More importantly there are some key messages about confidence I’d want to share with the less experienced version of me.
I grew with a secure and protected childhood, which was wonderful but may not have allowed me to develop my independence muscle enough.
It’s okay to listen to others opinions and take on board different perspectives, but trusting in my instincts and feelings should have been the most important influence.
2. Speak up, you won’t look stupid
Again this is about trusting that what I have to say is as important as anyone else thoughts. There isn’t always a right answer and by speaking up more I would have respected myself and boosted my confidence.
3. Your confidence will grow
I remember that scared feeling, when I first left home, when I got my first job and bought my first house.
Feeling nervous and uncomfortable in new experiences and situations is normal and I’d love to reassure my younger self that the more new experiences I throw myself into the more my confidence will grow.

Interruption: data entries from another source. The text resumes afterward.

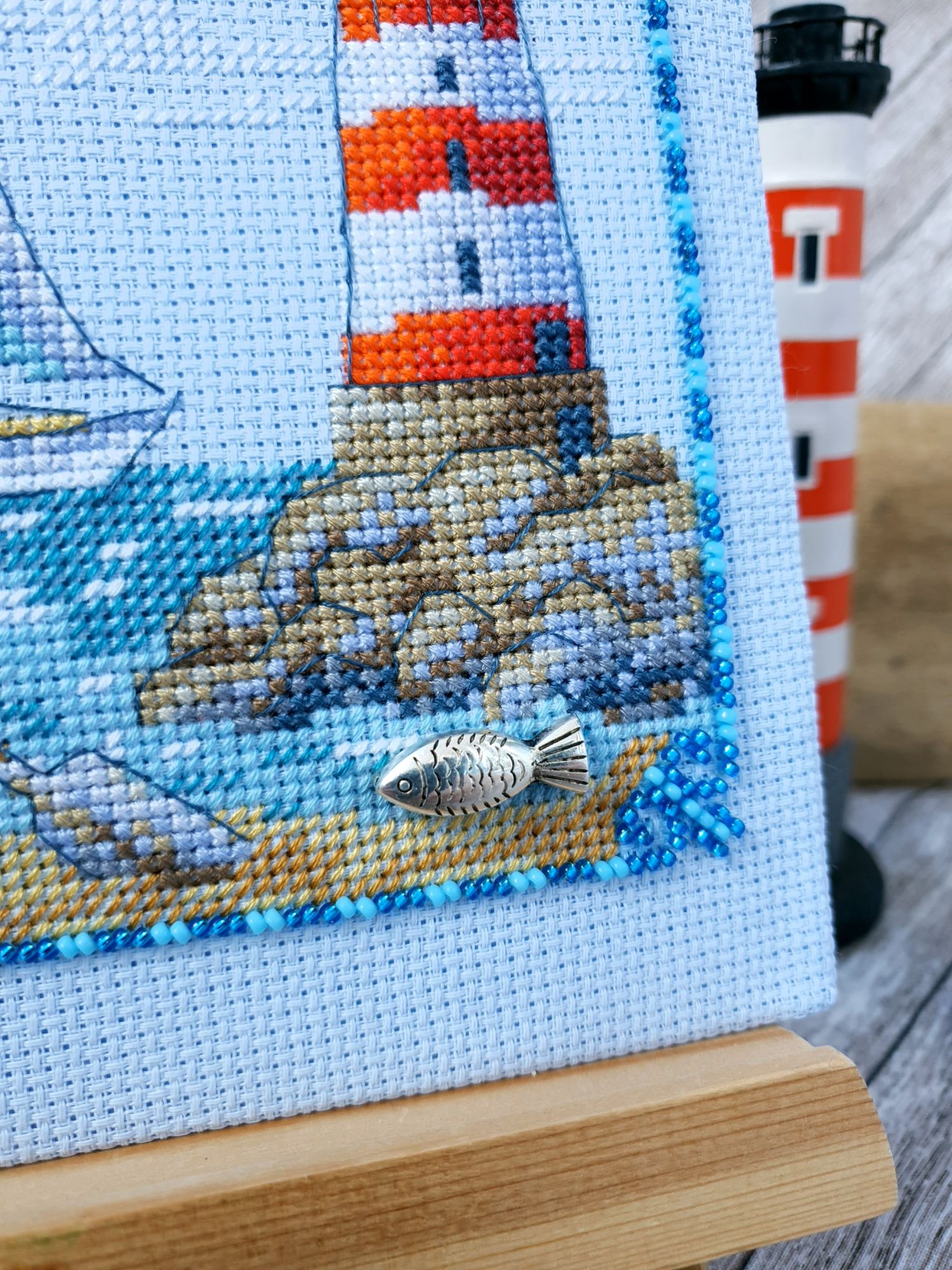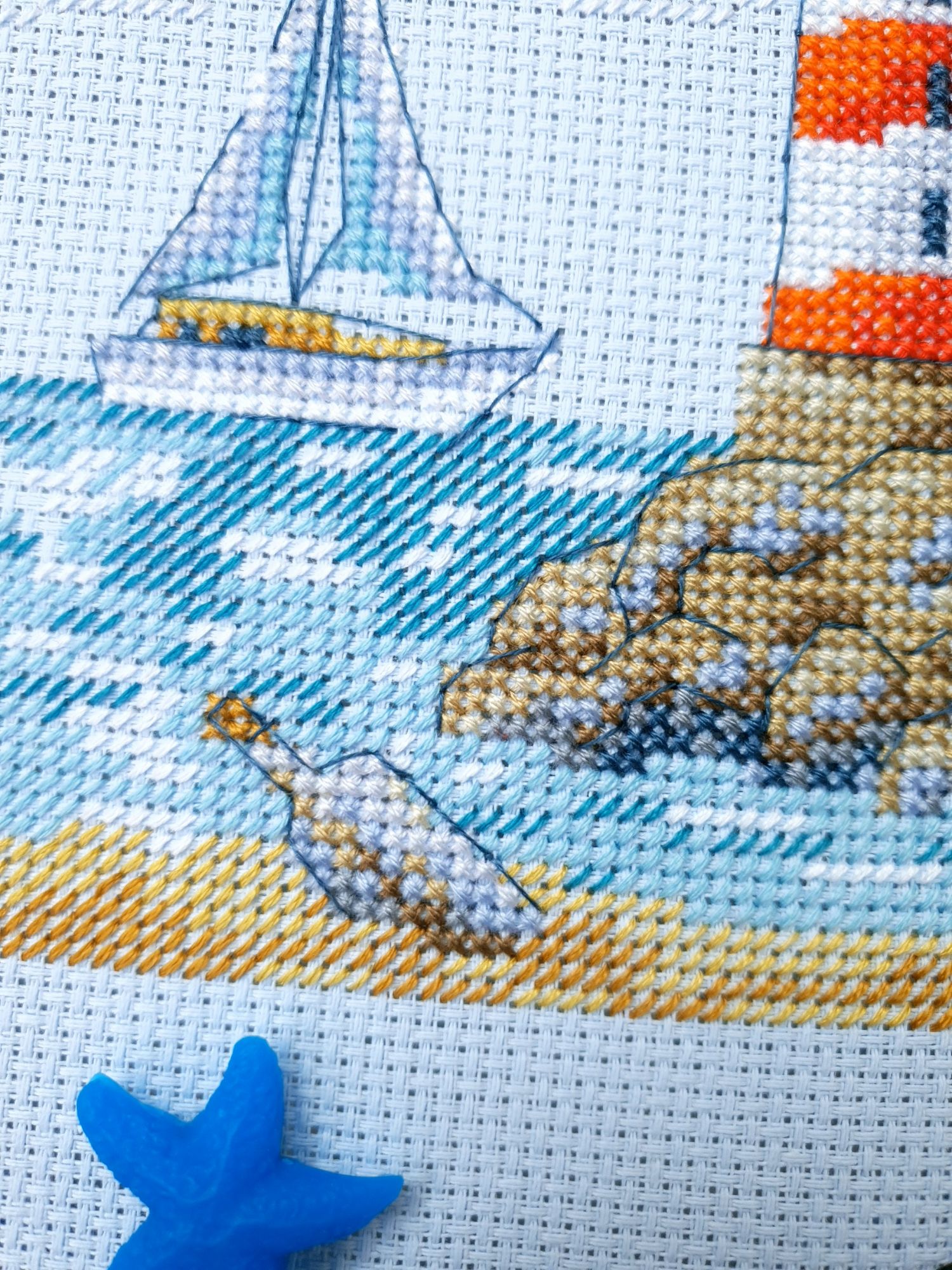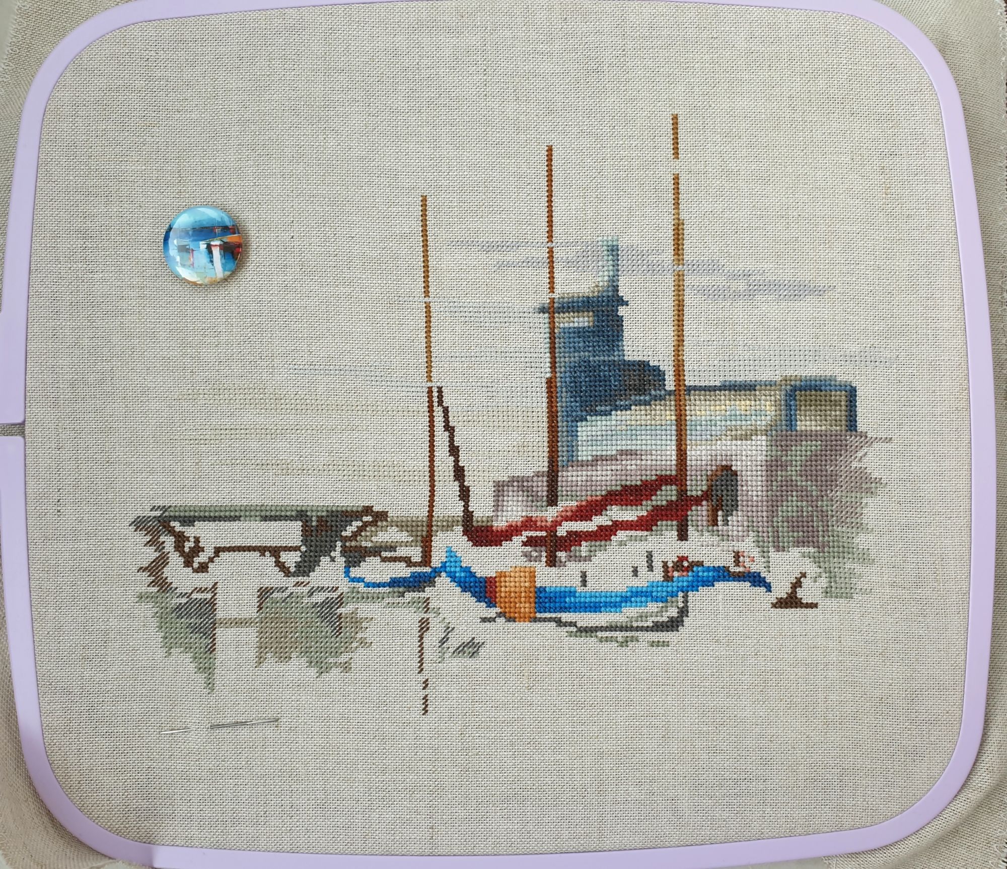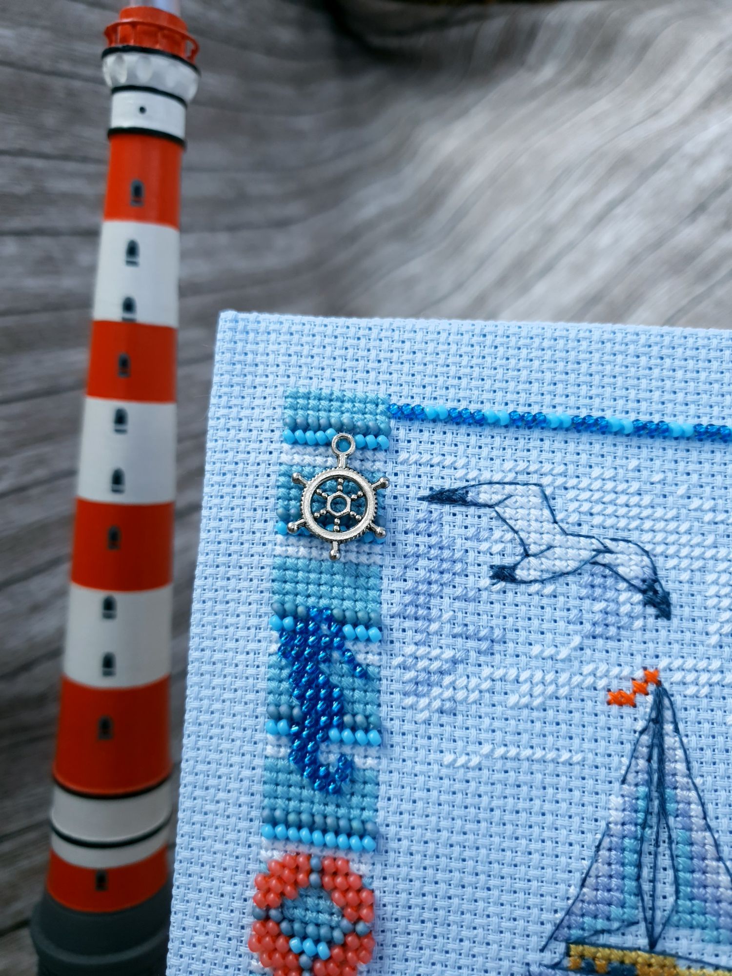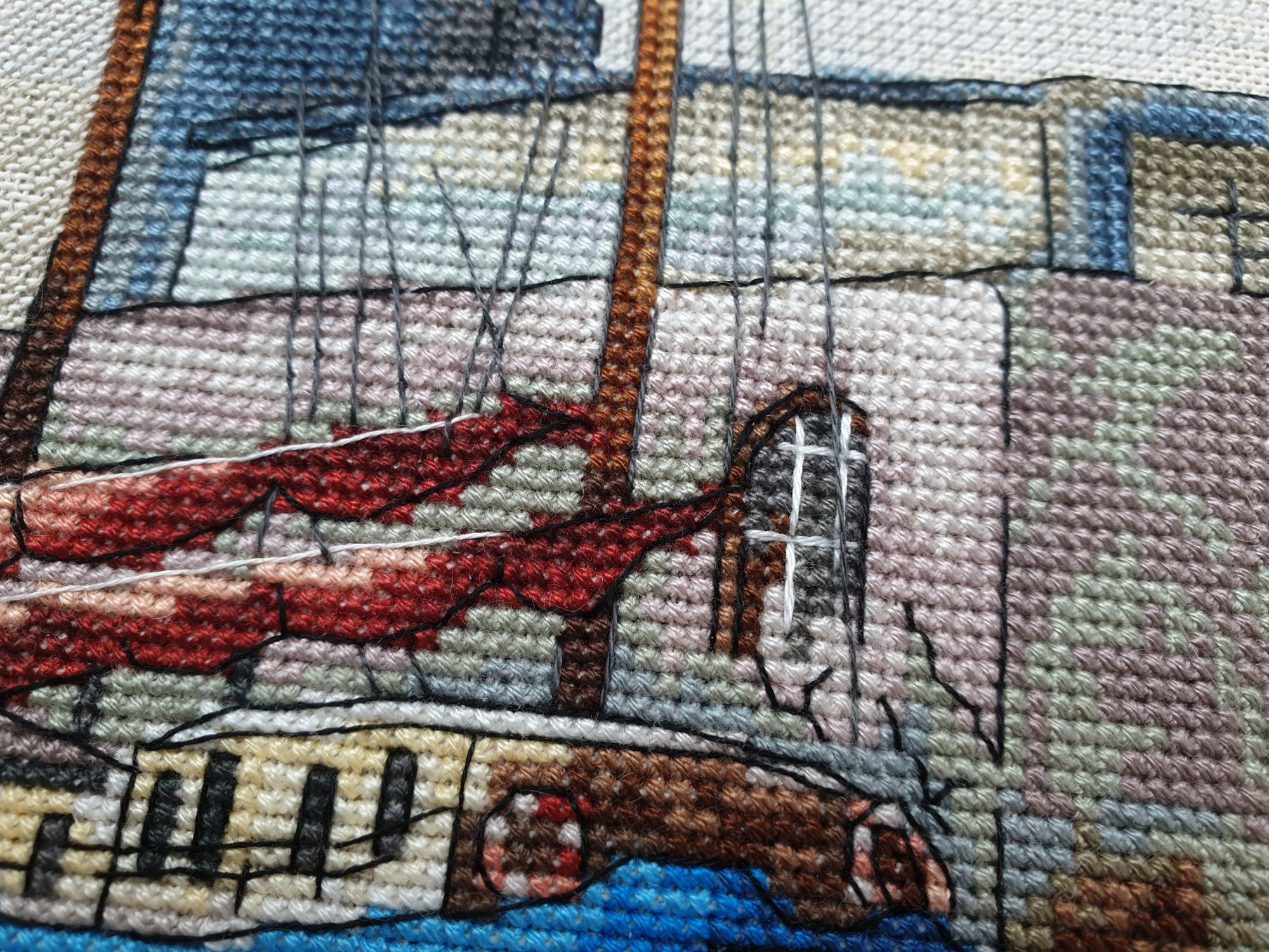 22 июля 2022 Вечер добрый! Наконец-то вышивальный отчет. Получается, что он почти за весь июль и даже немного за конец июня И куда только бежит время?! По традиции, сначала часть невышивальная. В этот раз безо всякой конкретики, просто хроника этого июля: от цветущих болотных ирисов и до ночного порта, котолапок и неожиданного цветущего подарка на подоконнике)) Нам, вышивальщицам, подвластно расширение пространства, мы можем бывать в двух разных местах одновременно. Вот так и я, отправляясь в отпуск в горы, в качестве дорожного процесса взяла миниатюру в освежающе-синей водной гамме и тематике))) Permin 92-9161, 3 boats (этот) - новый процесс и финиш! Миниатюра 14*18 см, да еще и на 14й аиде подошла для вышивания в отпуске в целом, и в машине в частности, идеально. А потому, отпуск начался с первыми крестиками, а закончился с финальными. Мне оставалось только бэк доделать. Ну и решить один мучивший меня вопрос, о котором дальше. Я вообще Пермин уважаю. У них есть свой шарм. И море они, как жители северных морей, чувствуют и передают в своих дизайнах очень точно. Мне близко это настроение. Хотя порой и чуточку не хватает немного "мягкости" переходов. Здесь все было супер, пока я не осознала, что белые участки - это незашитое пространство. В целом мне этот прием не раз попадался и выглядело все норм. Но тут маленький размер, крупная канва и кругом только крест в 2 нити... Я ничего не предпринимала до последнего крестика по схеме. Потому что знаю, как может все изменить один единственный крестик. Но вот пора приступать к бэку, а у меня есть ощущение проплешин. А моя вышивка не должна раздражать, причем именно меня)) Поэтому я вооружилась картой цветов, выбрала самые светлые оттенки в растяжках соответствующих цветов и зашила эти проплешины в 1 нить: полукрестом во "внутренностях лодок" и крестом на остальных участках. Теперь мне все нравится Осталось придумать какое-нибудь классное применение этим лодкам: хочется, чтобы они и впредь со мной путешествовали в виде какого-нибудь полезного аксессуара)) - На этих последних фото хорошо видны "проплешины", по схеме они не зашиваются вовсе. И мой результат: Дальше опять про лодки. Только уже процесс из стареньких) О.Ланкевич, Голландский порт - финиш! Я это сделала! Результат классный, процесс интересный, но завершение далось непросто. Подозреваю, что дело в цветовой гамме: летом, да еще и после такого яркого по цветам отпуска было непросто шить темными и серо-зелеными оттенками. Мешала их с вышивкой корпуса и парусов. Почему то именно сейчас невероятно хотелось закончить этот процесс. Отражения волшебные: как же круто они сделаны. А уж как я тянула снасти на лодках, выгребая среди бесконечно пересекающихся длинных линий. Но я молодец, не отложила и доделала! Горда собой и рада результату. Классный он. Вот правда)) И итоговый фотосет: Чтобы разбавить мир процесс с портом яркими красками, я распаковала еще один маленький летний наборчик. Из недавних совсем. С маяком! И с бисером! Ага, все правильно, мне очень захотелось попробовать новую серию "Бисер и пуговки" от Марьи Искусницы на вкус))) Марья Искусница, 13.003.13, Маяк (этот) - новый процесс и финиш! Миниатюра 14*14 см, 14 аида, нитки, 4 цвета бисера и 2 шармика. Тут есть два нюанса. Во-первых, нитки не разобраны по номерам, они в едином пучке, в а ключе только словесные названия цветов. Я честно призна
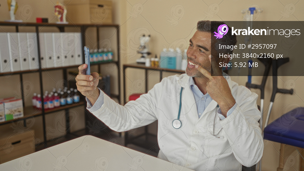 Man doctor holding smartphone and giving thumbs up while smiling in clinic building at desk; telemedicine reassurance.
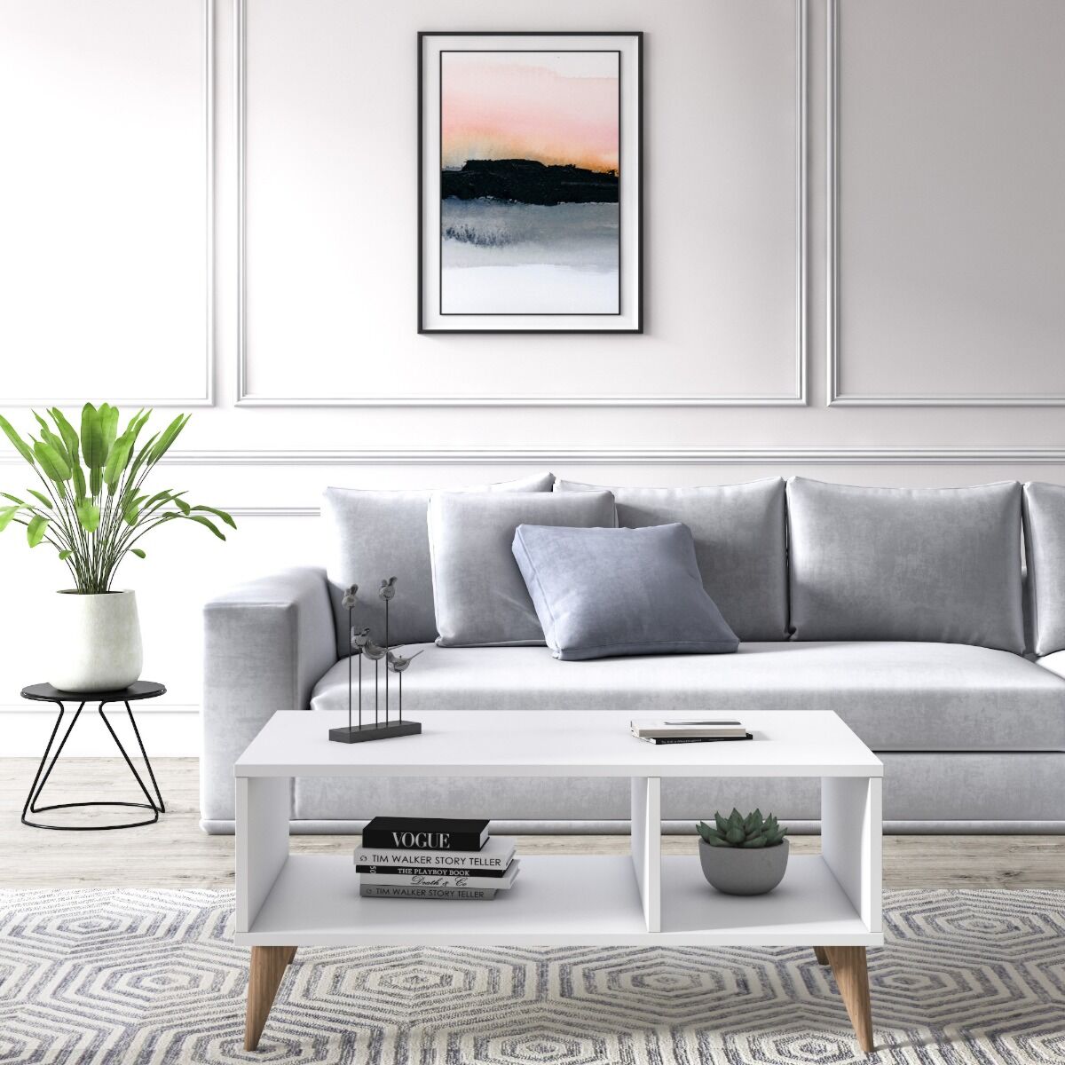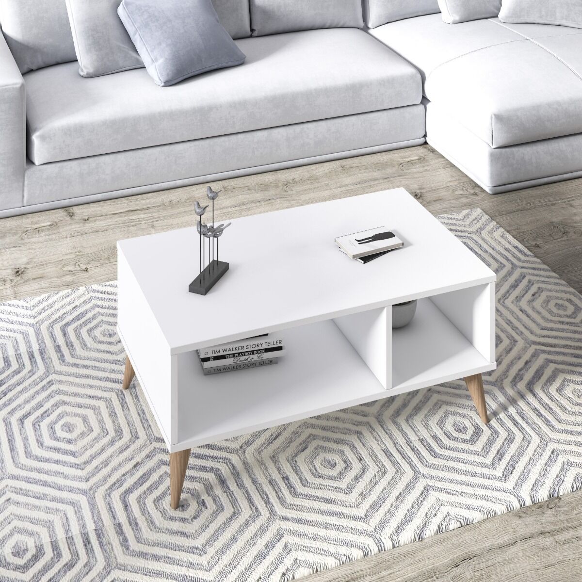 Il tavolino Ankara è dotato di un divisorio centrale che crea 2 vani di appoggio. Il tavolino è disponibile anche nella versione completamente in Rovere. La sua finitura in bianco dona luce e calore all'ambiente, il leggero contrasto con i piedini lo rende personale e ricercato.
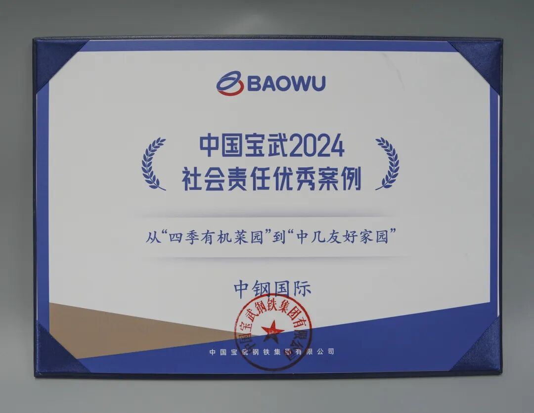 在发展进程中,中钢国际坚守"让工业更绿色、更智慧;让生活更美好、社会更繁荣"的使命,积极履行社会责任。在不久前举办的中国宝武2024年社会责任报告集中发布活动上,中钢国际凭借突出的责任实践斩获多项荣誉:第二届宝武社会责任先锋奖(集体)、第二届宝武社会责任先锋奖(个人—董事会办公室戚欣)、2024年度宝武社会责任优秀案例。
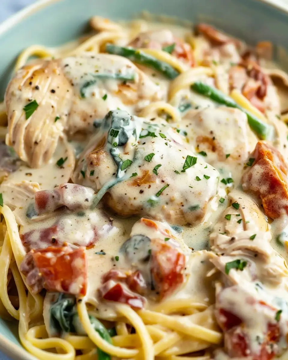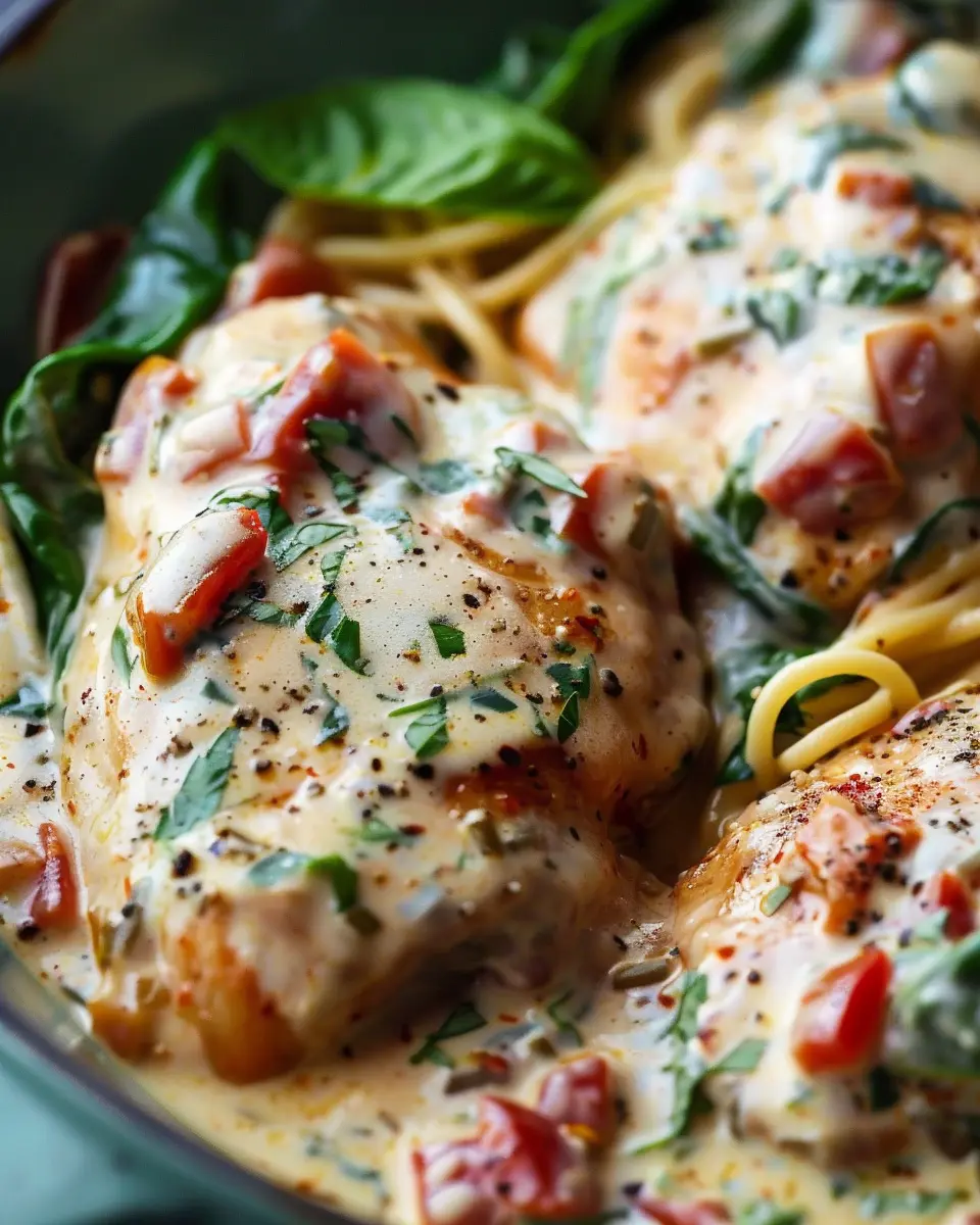 A rich and creamy slow cooker dish that combines tender chicken with vibrant Tuscan flavors.
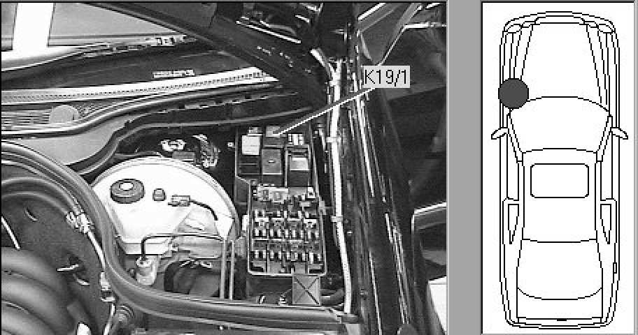 Left component compartment (CDN), in fuse and relay box.

4. Everyone is doing the best they can
It seemed to me when I first started at University or in new jobs that my peers and seniors all were so confident and sorted.
I now realise that everyone is just doing their best in situations and struggling with their own insecurities. So I should stop worrying what others think and just be me
5. Good enough is good enough
I definitely have some perfectionist tendencies and set myself high expectations. These days I have learnt to be more realistic with my intentions, which means I don’t always have to do or be the best.
The freedom and calmness this has given me are something I would love my younger self to have experienced.
Having said all this, I’ve enjoyed the learning process that has taken me to where I am, so maybe it’s better to discover these lessons for yourself?
Do you have any lessons on confidence you’d like to share with your younger self?